Problem requirements: Return the data exactly, with all pictures removed.

Data segment:
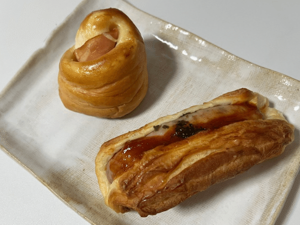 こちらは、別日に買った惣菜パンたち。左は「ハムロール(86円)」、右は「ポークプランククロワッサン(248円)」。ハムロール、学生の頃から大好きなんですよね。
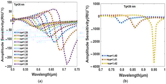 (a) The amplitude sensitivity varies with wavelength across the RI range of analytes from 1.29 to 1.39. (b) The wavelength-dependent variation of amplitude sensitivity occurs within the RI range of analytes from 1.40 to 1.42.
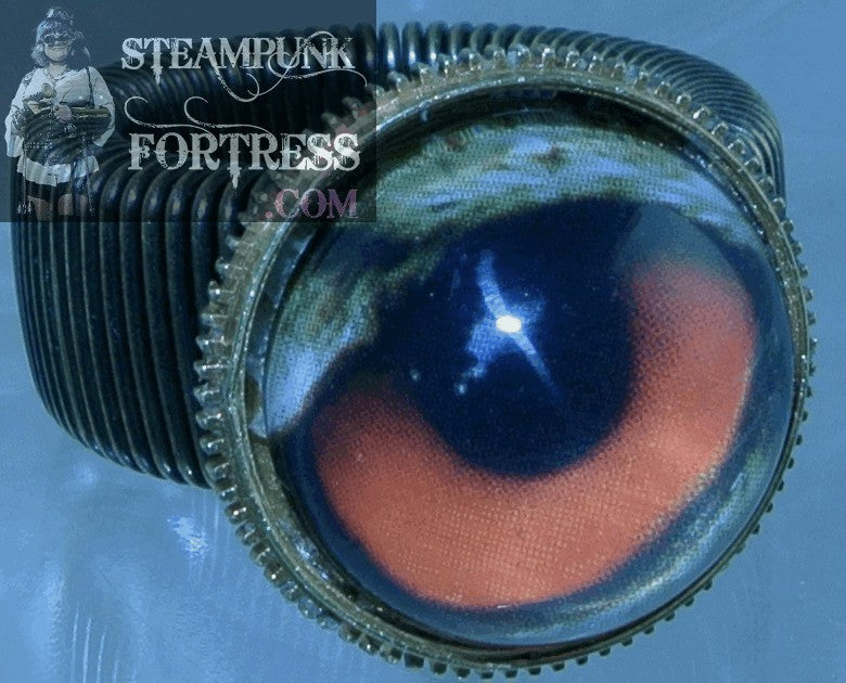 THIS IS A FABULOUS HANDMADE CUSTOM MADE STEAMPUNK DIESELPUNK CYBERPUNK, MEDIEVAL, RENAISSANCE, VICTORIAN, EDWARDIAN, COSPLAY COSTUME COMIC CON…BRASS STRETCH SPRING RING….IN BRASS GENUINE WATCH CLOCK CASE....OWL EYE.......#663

Task output:
 こちらは、別日に買った惣菜パンたち。左は「ハムロール(86円)」、右は「ポークプランククロワッサン(248円)」。ハムロール、学生の頃から大好きなんですよね。
 (a) The amplitude sensitivity varies with wavelength across the RI range of analytes from 1.29 to 1.39. (b) The wavelength-dependent variation of amplitude sensitivity occurs within the RI range of analytes from 1.40 to 1.42.
 THIS IS A FABULOUS HANDMADE CUSTOM MADE STEAMPUNK DIESELPUNK CYBERPUNK, MEDIEVAL, RENAISSANCE, VICTORIAN, EDWARDIAN, COSPLAY COSTUME COMIC CON…BRASS STRETCH SPRING RING….IN BRASS GENUINE WATCH CLOCK CASE....OWL EYE.......#663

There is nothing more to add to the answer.